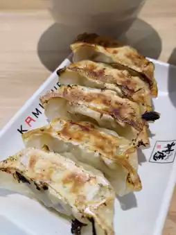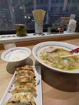 From the north exit of the Nankai Electric Railway, you can see Kamukura Ramen right at the Namba Nankai Street Entrance. There's an ordering machine outside the entrance with Japanese, Chinese, and English interfaces. I chose the gyoza set meal and was seated on the second floor. The restaurant mostly has bar-type seating, making it comfortable even for solo diners. When the ramen was served, you could see the clear soy sauce broth topped with cabbage and char siu. The salty and slightly sweet soy sauce, combined with the refreshing vegetable broth, was irresistible, and I found myself finishing the soup. Those who love char siu might be a bit disappointed because it's thinly sliced, but the overall portion of the set meal is quite generous. The gyoza served hot, with a bit of vinegar and chili oil added, made for a heartwarming meal on this cool, rainy night.
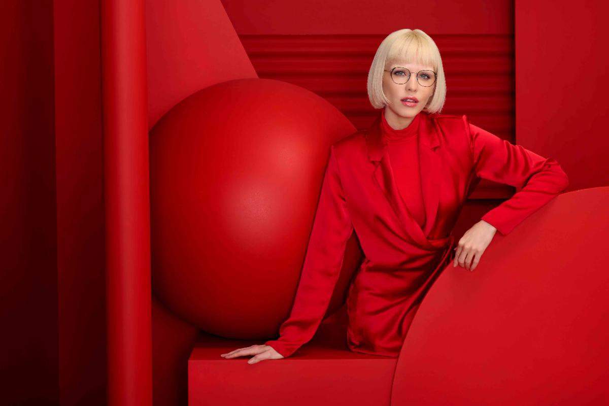 The new campaign is set in a red room filled with red geometric objects for a striking, monochromatic look. The red wardrobe with hints of black and white and mixed materials add texture to the polished looks. “The campaign focuses on the brand’s signature red color. Highly stylistic yet minimalistic in nature, this concept emphasizes the clean lines of the simple setting, accentuating the frames design”, says Alexis Nyiro, Director of Marketing and Product Development at WestGroupe. Images from the new campaign will be reflected in the 2023 KLiiK merchandising material and WestGroupe website and will also be available for COOP use by KLiiK retailers.
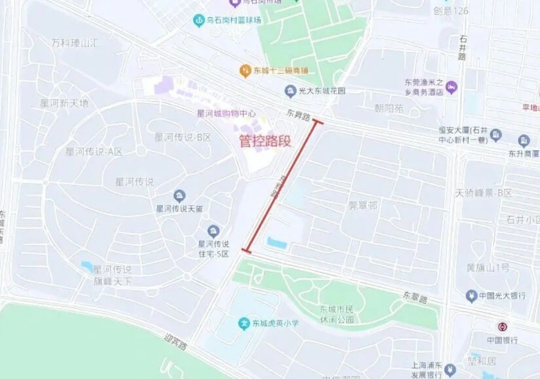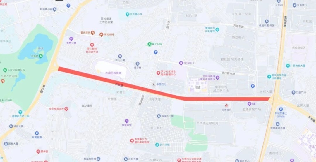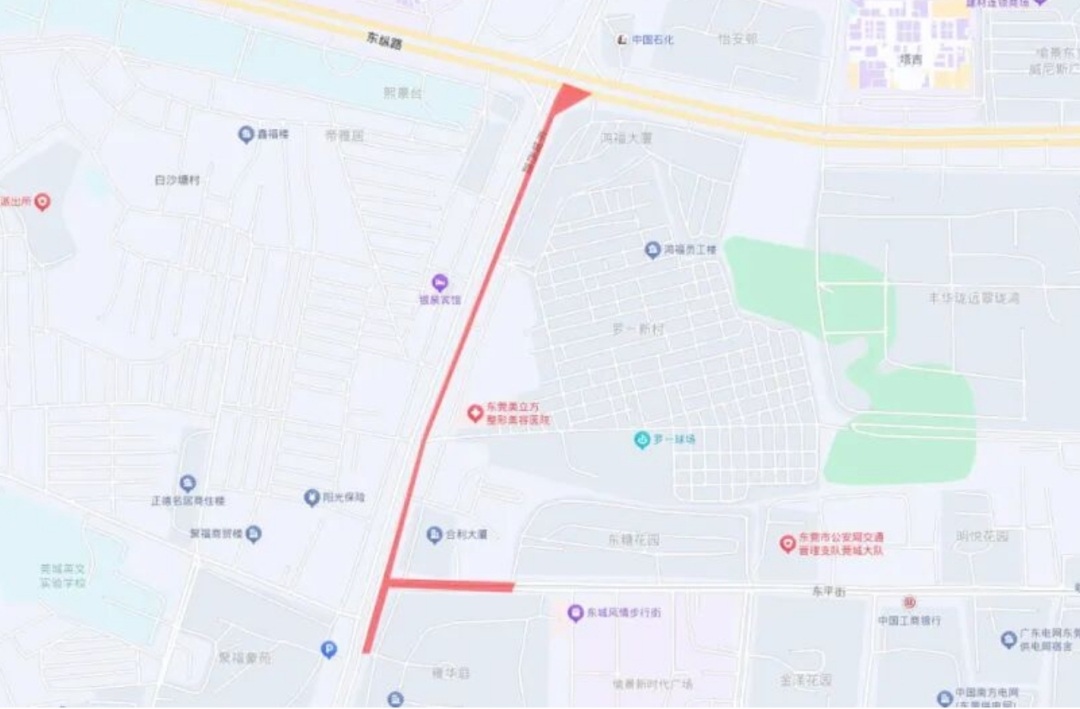东莞市莞城街道自9月23日23时起,对东纵路莞城段(人民公园后门至盈峰广场红绿灯)、东城西路(城区油站红绿灯至雍华庭红绿灯)、学院路(步步高红绿灯至叫尾红绿灯)、八达路(东豪广场至戙船澳红绿灯)实施全封闭临时交通管制,结束时间待定。
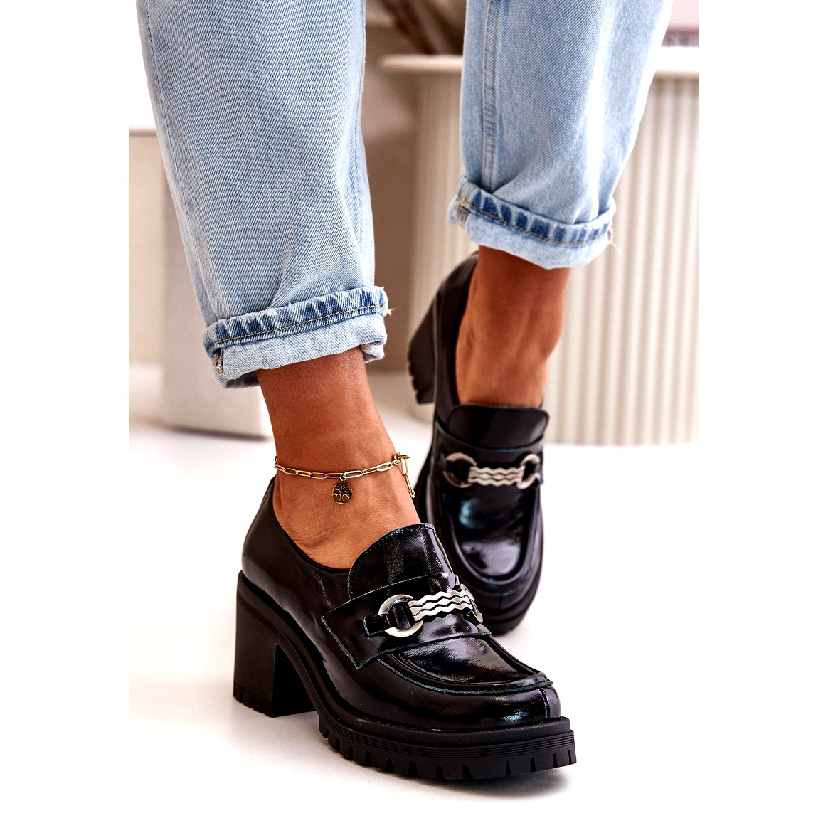 Predstavljamo lakirane ženske cipele na stupu Zazoo, što je savršena kombinacija elegancije i udobnosti. Izrađene od visokokvalitetne prirodne kože, ovi crni natikači dodaju klase svakoj stilizaciji, kako svakodnevno, tako i u formalnijim prilikama.
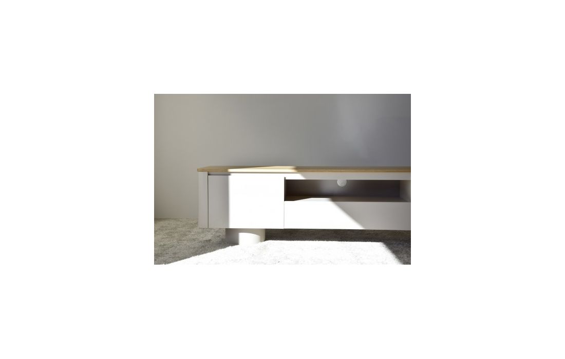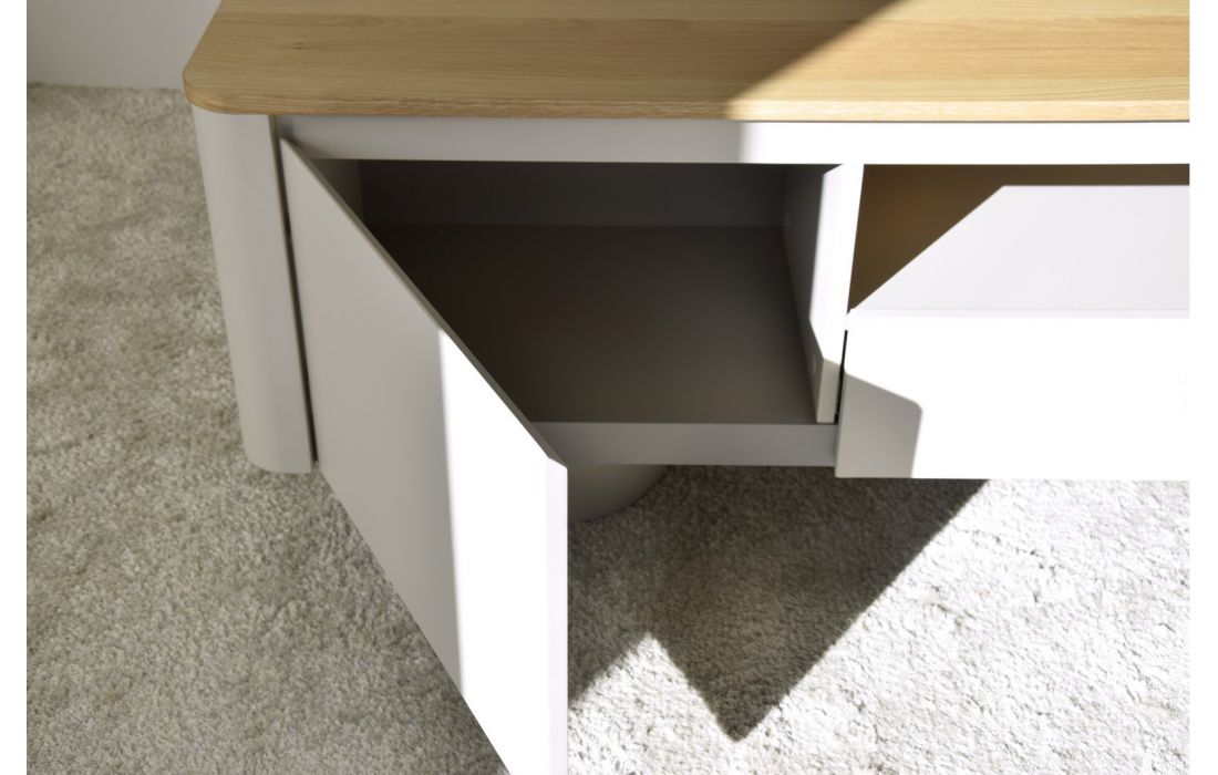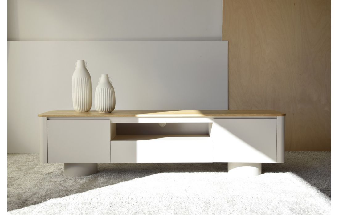 Lacquered Mdf in matte light gray tone and natural oak wood top.
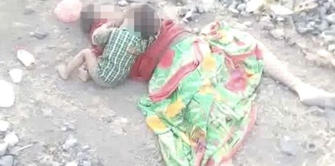 Railway track workers spotted a woman lying near the tracks, a child at her breast, in Damoh district, Madhya Pradesh, central India. Upon reaching the scene, they found that the mother was dead, her 17-month-old crying beside her.
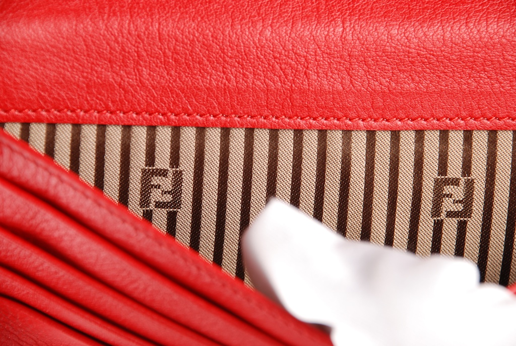 'A Fendi bag is designed and manufactured by hand. No Fendi bag is a production-line item. Straps are made of leather. The stitching on the bag is even and straight'
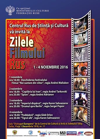 Centrul Rus de Știință și Cultură, cu sprijinul Ministerului Culturii Federației Ruse, vă invită la Zilele Filmului Rus, în cadrul Festivalului Artelor Muza Fest, în perioda 1-4 noiembrie 2016, în Sala „Dialoguri europene” de la Centrul de Cultură și Artă al Județului Sălaj.
______________________________
* **GOAL OF THE EXERCISE**: For this exercise, output only the lines from the one bearing "even and straight'" to the end of the material above, exactly as written, with pictures left out.

* **OUTPUT**:
 'A Fendi bag is designed and manufactured by hand. No Fendi bag is a production-line item. Straps are made of leather. The stitching on the bag is even and straight'
 Centrul Rus de Știință și Cultură, cu sprijinul Ministerului Culturii Federației Ruse, vă invită la Zilele Filmului Rus, în cadrul Festivalului Artelor Muza Fest, în perioda 1-4 noiembrie 2016, în Sala „Dialoguri europene” de la Centrul de Cultură și Artă al Județului Sălaj.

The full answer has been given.